Jetliner provides three APIs for reading Avro files:

API Returns Best For
scan_avro() LazyFrame Query optimization, most use cases
read_avro() DataFrame Eager loading with column selection
open() Iterator Streaming control, progress tracking

All APIs share the same high-performance Rust core and support local files and S3.

Topics

Local Files

Reading Avro files from local filesystem with examples for common patterns.

S3 Access

Reading from Amazon S3 and S3-compatible services (MinIO, LocalStack, Cloudflare R2).

Query Optimization

Using projection pushdown, predicate pushdown, and early stopping to minimize I/O and memory usage.

Streaming Large Files

Memory-efficient processing of large files using the iterator API and buffer configuration.

Error Handling

Understanding strict vs skip modes and handling corrupted data gracefully.

Schema Inspection

Accessing Avro schemas and understanding type mapping to Polars.

Codec Support

Supported compression codecs and their trade-offs.

Quick Reference

Basic Reading

import jetliner

# LazyFrame API (recommended)
df = jetliner.scan_avro("data.avro").collect()

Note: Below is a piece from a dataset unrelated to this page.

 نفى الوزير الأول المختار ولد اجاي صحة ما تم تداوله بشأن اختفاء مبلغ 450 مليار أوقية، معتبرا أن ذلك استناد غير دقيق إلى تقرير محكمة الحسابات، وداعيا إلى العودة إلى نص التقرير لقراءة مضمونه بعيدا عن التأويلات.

# DataFrame API with column selection
df = jetliner.read_avro("data.avro", columns=["col1", "col2"])

# Iterator API
with jetliner.open("data.avro") as reader:
    for batch in reader:
        process(batch)

S3 Reading

# With default credentials
df = jetliner.scan_avro("s3://bucket/file.avro").collect()

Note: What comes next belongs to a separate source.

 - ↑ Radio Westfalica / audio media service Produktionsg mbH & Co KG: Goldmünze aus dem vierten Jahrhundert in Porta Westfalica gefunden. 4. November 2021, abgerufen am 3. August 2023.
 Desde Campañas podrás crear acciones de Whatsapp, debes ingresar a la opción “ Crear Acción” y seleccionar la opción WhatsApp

# With explicit credentials
df = jetliner.scan_avro(
    "s3://bucket/file.avro",
    storage_options={"endpoint": "http://localhost:9000"}
).collect()

Query Optimization

import polars as pl

# Only reads needed columns, filters during read, stops early
result = (
    jetliner.scan_avro("data.avro")
    .select(["col1", "col2"])
    .filter(pl.col("col1") > 100)
    .head(1000)
    .collect()
)

Multi-File Reading

# Glob pattern
df = jetliner.read_avro("data/*.avro")

# Explicit list
df = jetliner.read_avro(["file1.avro", "file2.avro"])

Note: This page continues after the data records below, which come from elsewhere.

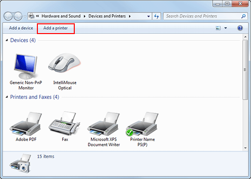 Sélectionnez Ajouter une imprimante sur la barre d'outils.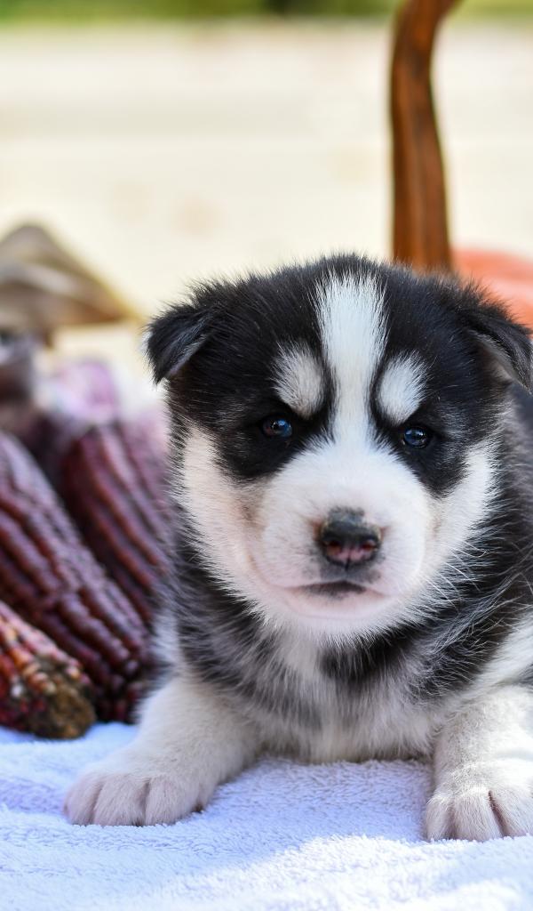 Wallpaper Little funny husky puppy on a blanket with pumpkins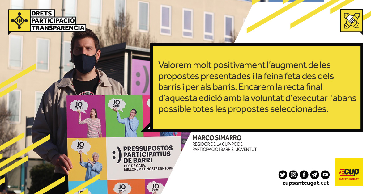 “Valorem molt positivament l’augment de les propostes presentades i la feina feta des dels barris i per als barris. Encarem la recta final d’aquesta edició amb la voluntat d’executar l’abans possible totes les propostes seleccionades”, explica Marco Simarro, regidor de Participació i Barris i Joventut. Des de la regidoria, la CUP seguim treballant per a que les veïnes de Sant Cugat puguin tenir poder decisiu en les accions que es fan des del govern.

# With row index continuity
df = jetliner.read_avro("data/*.avro", row_index_name="idx")

# With file path tracking
df = jetliner.read_avro("data/*.avro", include_file_paths="source_file")

Error Handling

# Skip bad records (default)
df = jetliner.scan_avro("data.avro", ignore_errors=True).collect()

# Fail on first error
df = jetliner.scan_avro("data.avro", ignore_errors=False).collect()